One really good way of tackling the fear a child may have around food is to get them child involved with choosing the meal and then making it. The best way I have found to do this involves taking a couple (2 or 3) paper plates, drawing lines across them and then writing down the parts of the meal in the separate quarters. You create a different meal for each plate and let the child decide which one they will have. For example, one plate may have chicken, peas, mash, sweet corn… another plate could have broccoli, fish fingers, carrots, couscous… the options are endless. A little tip: when you draw the different parts of the meal in the quarters of the paper plate, make it colourful and interesting (kids will find it much more appealing). That way you can ensure that your child has all the right components in their food (vegetables, nutrients, protein etc) and your kid has control over which plate they decide.
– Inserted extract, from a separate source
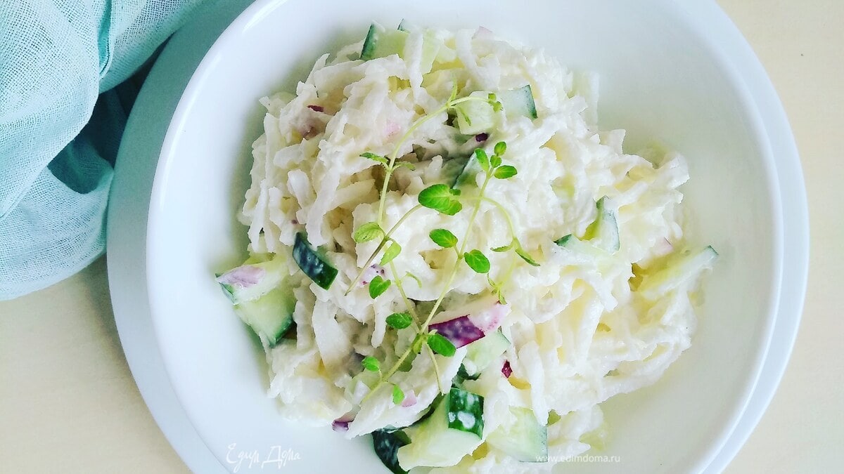 Предлагаю приготовить очень простой салатик, который заслуживает вашего внимания. Этот салат прекрасно подойдет тем, кто следит за фигурой и здоровьем. Ведь дайкон просто кладезь полезных микро- и макроэлементов!
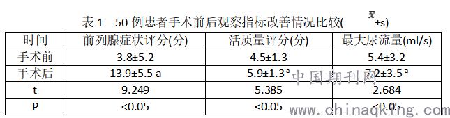 2.2手术前后观察指标改善情况手术后,患者前列腺症状评分(13.9±5.5)分低于手术前的(23.8±5.2)分,生活质量评分(5.9±1.3)分、最大尿流量(7.2±3.5)ml/s,高于手术前的(4.5±1.3)分、(5.4±3.2)ml/s,差异均有统计学意义(P<0.05)。见表1。

Once they have decided on their meal, you can now get them involved in the cooking. Kids love mashing potatoes, stirring pots, rolling out dough, and making cookies. Remember that anything that gets them involved with food will release any of the negative emotional triggers that they used to harbour. Baking a cake together is great way to involve a child in cooking. Personally, I remember there was nothing better than being able to lick the mixing bowl clean after making cookie dough!
Teach your child about the origins of food
Finally, I find by educating children about where food has come from, they lose some of the irrational fear surrounding it. Explain and show how fruit and veggies are grown in the earth… tell them that, just like people, they start off as a little seed and with the right care and love they grow into these beautiful plants bearing gorgeous fruits and vegetables. How amazing!
Once you start demystifying the world of food, children tend to be a lot more open to trying new things.
Keep things simple
Last, but not least, one of the common mistakes when encouraging children to try new foods is to make too big a deal of the whole thing. If a child feels under pressure or is the focus of attention during a stressful situation, they will naturally clam up (just like adults do). So the key is to keep things light-hearted and not make a scene. Even if they do start trying new foods, don’t start jumping up and down, hollering, and calling in the neighbours to witness the event! Just give them a gentle “well done” and then go on as normal… make them feel it is a perfectly natural thing to enjoy good food.
Like most things, re-educating a child and changing a behavioural pattern can take time. Don’t expect that you’ll see your child make a U-Turn in their eating habits within a week! However, if you follow the guidelines above, with the right approach, patience, and light-hearted fun, I’m sure you will see a significant improvement in your child attitude towards food in the long run.